No Exit: A Novel
“Taylor Adams brings left field surprises one after the other at a speed that will force you to stop reading every once in a while so you can catch the breath you're holding and remind yourself it's only fiction.”
Picture this: College student and underachieving second born Darby Thorne white-knuckling her way through a raging blizzard in the Colorado Rocky Mountains to her mother's hospital bed in Utah. Howling winds buffeting her '94 Honda Civic, snow blanketing the icy road and piling up in waist high drifts along the shoulders. Steam sizzles off the hood. She hasn't seen another car in an hour.
Quarter tank of gas. Cell phone dying, because she'd left the charger in her dorm room. But it doesn't matter anyway because there's no cell coverage at nine thousand feet above sea level. No radio reception, either. Left wiper flapping on the windshield. And then it swirls away into the darkness. The right wiper is failing, too.
But she's in luck! There's a rest area ahead:
"One longhouse structure (visitor center restrooms, maybe a volunteer-run convenience store or coffee shop) nestled among wind-blasted firs and chapped rock faces. A bare flagpole . . . taxpayer funded art . . . parking lot with a handful of parked cars—other stranded motorists like herself, waiting for the snowplows to arrive."
She manages to barrel through piles of snow into the parking lot, and on her way to the warmth and comfort of the building checks out the vehicles:
"First was the red truck. Sandbags in the bed, webbed tire chains. . . . The second car was completely buried, just an unrecognizable mound of snow. She couldn't even discern the color . . . Last was a grey van."

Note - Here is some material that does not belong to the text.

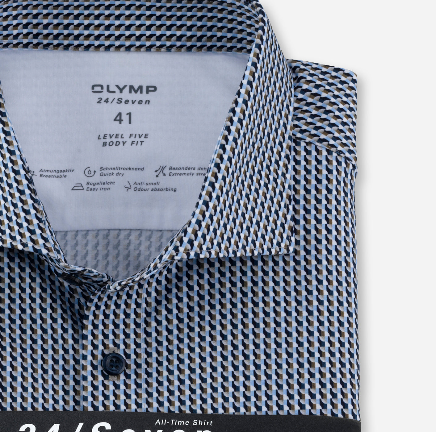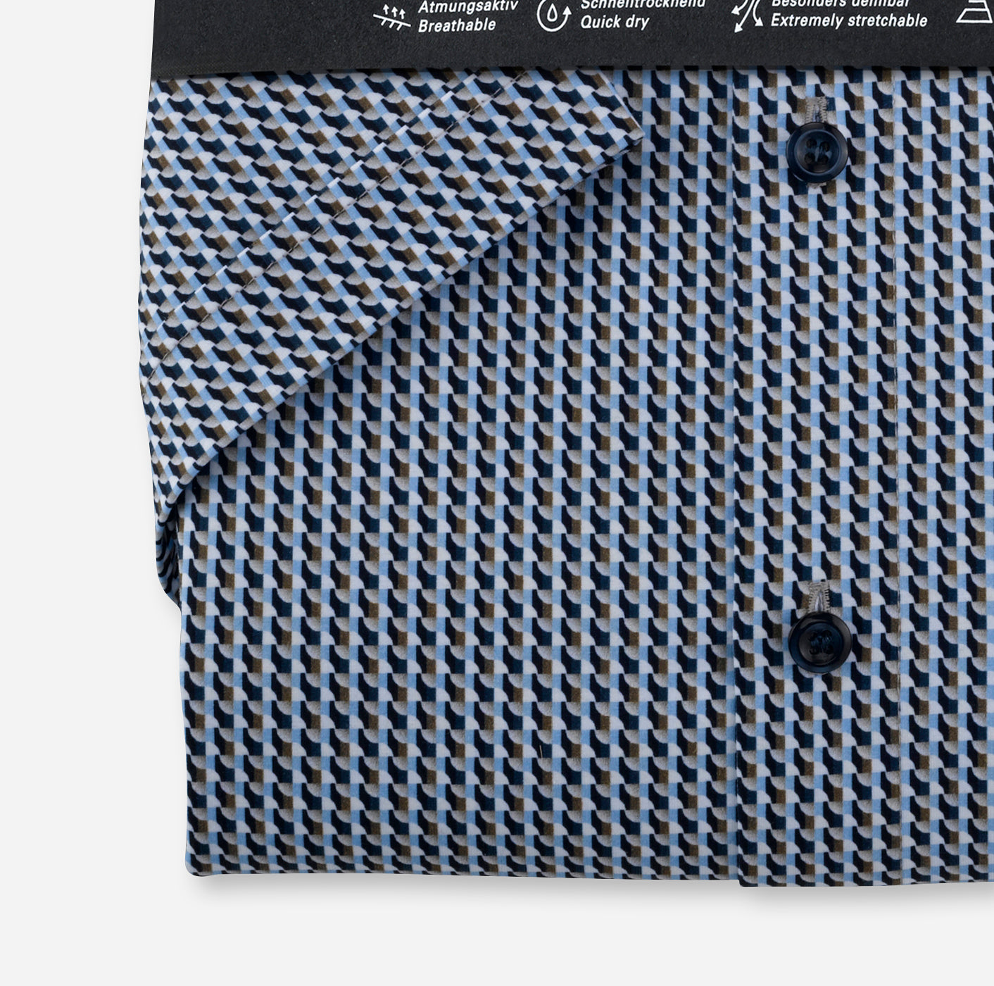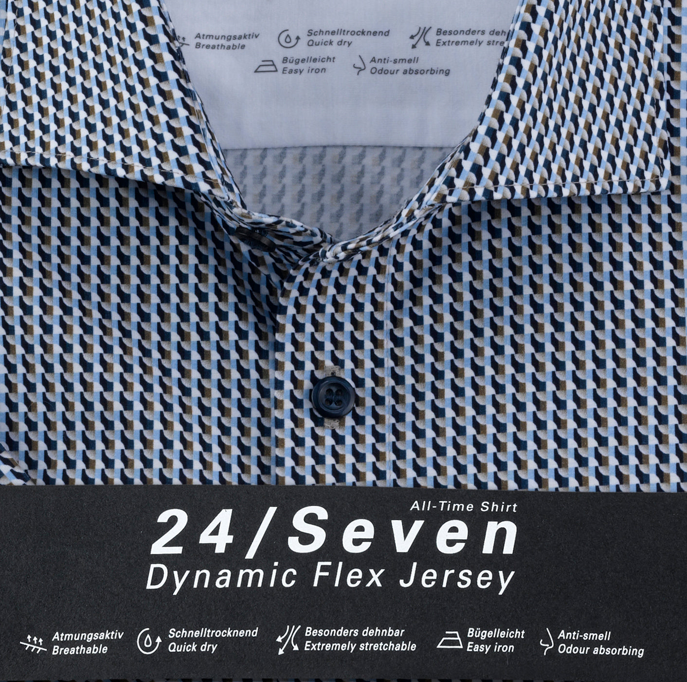 Als perfekte Einheit aus Dessin, Material und Schnittführung überzeugt dieses stylishe OLYMP Level Five Kurzarmhemd mit coolem Retro-Print. Der vielfach beliebte 24/Seven Dynamic Flex Jersey begeistert hier durch eine leichte, glatte Baumwollqualität, gefertigt nach hochwertigen GREEN CHOICE Standards. Ein hoher Stretch-Anteil sorgt dabei trotz schmaler Body-Fit-Silhouette für vollen Bewegungsradius. Ein rundum gelungener Allrounder für Business und Freizeit, ausgestattet mit elegantem Kent.92% Baumwolle, 8% Elasthan

As she cuts between the vehicles to reach the footpath to the front door, something in the van catches her eye. A tiny, doll-like hand gripping a latticework of metal bars.
"She crept closer, cupping her hands against the window, squinting inside. Her eyelashes fluttering on cold glass . . . There's a child locked inside this van."
Meaning there's a kidnapper inside the rest area, and Darby, the kind of girl who drinks Red Bull and names her car, is tasked with outwitting a deviously twisted psychopath.
But which one is it? she wonders when she steps inside.
Ed? ". . . late fifties, a yellow Carharrt jacket, one earring, and a silver goatee. Like a sad-eyed pirate."
Ashley? "The guy was tall, broad-shouldered, about a year or two older than her. He could be one of the Alpha Sig guys her roommate partied with . . . a slick mop of hair, a green North Face jacket, and a shy smile."
Lars? "Man was a stretch. He was tall but slouching, rail thin, nineteen at most. A weasel-like profile to his acne-encrusted face, all overbite above a shapeless chin shrouded with peach-fuzz whiskers. A Deadpool beanie and a baby-blue ski jacket."
Sandi? ". . . Ed's wife, apparently—sitting beside him. She was a fussy little fortysomething with a black bowl cut and a crinkly yellow parka . . ."
Before the night is over Darby will find herself battling obstacle after obstacle in her unrelenting determination to save that child and her fellow travelers from the monster in their midst.
The publisher challenges you to read the first chapter—pages 3 to 22—and not be hooked. But be prepared to call in sick or skip school tomorrow, because this book will keep you up reading all night. Author Taylor Adams brings left field surprises one after the other at a speed that will force you to stop reading every once in a while so you can catch the breath you're holding and remind yourself it's only fiction.
Darby is a heroine who survives everything thrown at her. But there is a limit. When will hers be reached?
"The door closed. She took a few shaky steps outside, her Converse sinking into fresh snow, her heart banging against her ribs. . . . Darby shivered and watched the door. No need for concealment now; she held the Swiss Army knife like an icepick as she stood in the orange light, waiting for the door to creak open. But it didn't . . . What had gone wrong?"
". . . Fireworks behind her eyes. Dizzying pain. The cartilage in her nose made a wet crunch and she recoiled backward, nearly falling off her chair, clasping both hands to her face."
No Exit is A KNOCKOUT! Readers will press their hands to the sides of their face and wince in alarm! Roadtrippers will never again stop at a highway rest area without thinking of this wowza of a book.